Hello everyone!
I recently ran into a quite complex problem and after looking around a lot I couldn't find a solution to it. I've found answers to my questions many times before on stackoverflow.com, so I decided to post here.
So I'm making a user/group managment system for a web-based project, and I'm storing all related data into a postgreSQL database. This system relies on three tables:
- USERS (Contains the primary key "USER_ID")
- GROUPS (Contains the primary key "GROUP_ID")
- GROUP_USERS
The two first tables simply define all the users and all the groups on the site, and the last table, GROUP_USERS, stores the groups every user is part of. It only has two columns:
- USER_ID
- GROUP_ID
Since every user can be a member of several groups, I decided to make a separate table for this purpose, rather than storing a comma separated column in the USERS-table.
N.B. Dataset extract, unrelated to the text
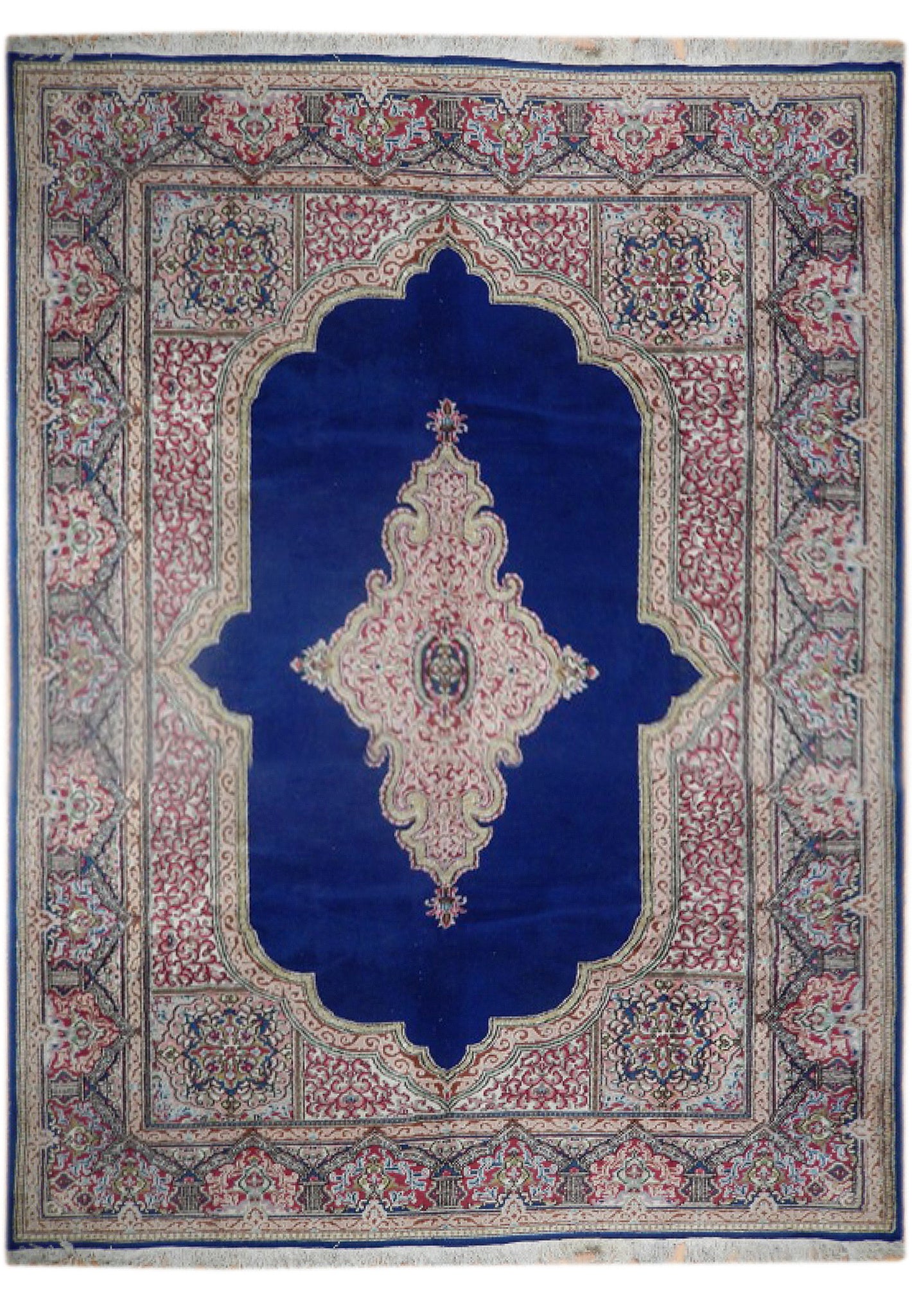 A Persian Kerman handmade rug is a marvel of craftsmanship and history, originating from the Kerman province in Iran, known for producing some of the finest carpets in the world. These rugs are prized for their high-quality wool, intricate designs, and rich colors, often featuring floral motifs, medallions, and elaborate borders.

Now, both columns are foreign keys, and I want to make them a composite primary key as well, this since each combination of USER_ID and GROUP_ID has to be unique. But now I am stuck with what seems to be a lot of indexes and relations to a very small table only containing numbers. In the end, I want this table to be as fast as possible, even if containing tens of thousands of rows. Size on disk shouldn't be a problem since its just all numbers anyway, but it feels quite stupid to have a full-sized index refering to a smaller table.
Should I stick with my current solution, store comma-separated values in a column in the USERS-table or is there any other solution I should be aware of. What I am looking for is best possible performance. This table could potentially (but not likely or commonly) be queried several hundreds of times on a single page load.
I don't want to use an array-column, even if they are supported by postgreSQL. I want to be as generic as possible so I can switch database later on, if necessary.
EDIT: In other words, will using a composite primary key and two foreign keys in one table with only two columns have a negative impact on performance rather than the opposite due to the size of the generated index?
EDIT2: Clarifications.
Thank you!